1.2: How is the expression of lncRNA regulated?

Regulatory mechanisms of lncRNA transcription are considered very similar to that of mRNAs [13, 22, 23]. Indeed, the vast majority of lncRNAs (> 85 %) have a unique promoter [25, 39, 40] and contain conserved cis-regulatory elements [14, 22]. LncRNAs and mRNAs also appear to use the same epigenetic markers. Some histone modifications, such as H3K4me3, H3K9ac, and H3K27ac, are enriched in the promoter of actively transcribed RNAs, while others, such as H3K9me3 and H3K27me3, are enriched for transcriptionally inactive RNAs [12, 13, 22, 41, 42].

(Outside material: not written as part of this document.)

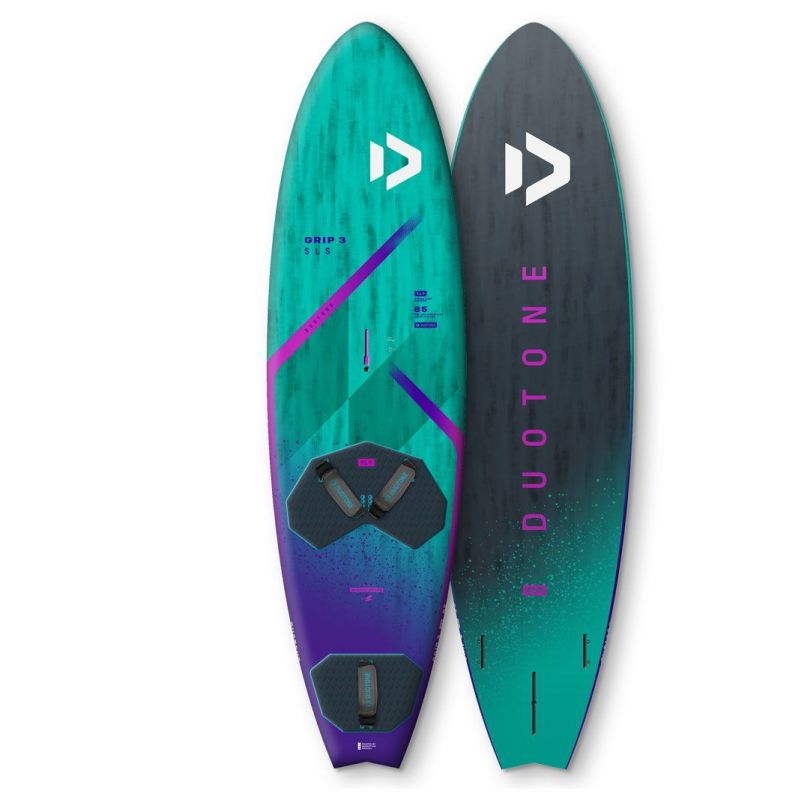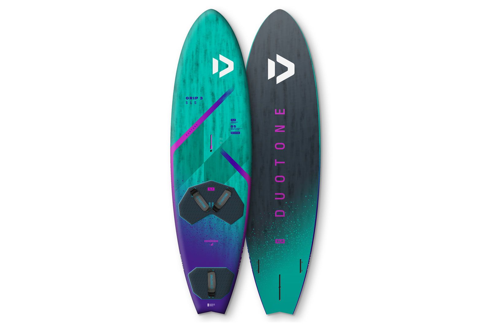 Wie im Vorjahr wird der Grip von Duotone als reiner Quad- oder Thruster-Shape angeboten. Der Grip 3 SLS soll sich im Vergleich zur Quad-Finnenkonfiguration des Grip 4 durch eine etwas bessere Beschleunigung auszeichnen, die extrem effiziente Scoop-Rocker Linie selbst in nicht idealen Bedingungen einen schnelleren Tail-Release ermöglichen. Der Tri-Fin-Shape ist ca. 6 cm kürzer als der Grip 4 bei sehr ähnlicher maximaler Breite. Der verbreiterte Bug- und Heckbereich führt beim Thruster zu einer erkennbaren paralleleren Rail-Outline im mittleren Boardsegment.
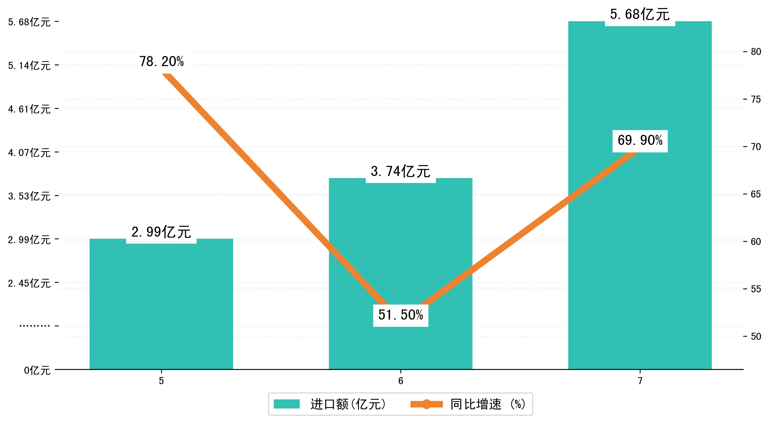 以人民币计,2023年7月银川市进口额为5,6835.591万元,相比上月增加了1,9411.8535万元;相比上年同期增加了3,2307.8158万元,同比增加了69.90%。

Rhythmic expression of mRNAs is generally driven by the core clock machinery, where core clock genes form interlocking transcription-translation feedback loops. At its core, BMAL1 and CLOCK (or its paralogue NPAS2) form a heterodimer and activate the rhythmic transcription of mRNAs with a cis-regulatory element, an E-box, such as Period (Per), and Cryptochrome (Cry). BMAL1/CLOCK also activates the expression of Rev-erbα/β and Rora-c, whose gene products recognize REV-ERB/ROR binding motifs (ROREs) to repress or activate target mRNA expression, respectively. Additionally, BMAL1/CLOCK activates the expression of Dbp, while REV-ERB/ROR proteins regulate the expression of Nfil3, both of which recognize a D-box, and activate or repress target mRNA expression, respectively [43].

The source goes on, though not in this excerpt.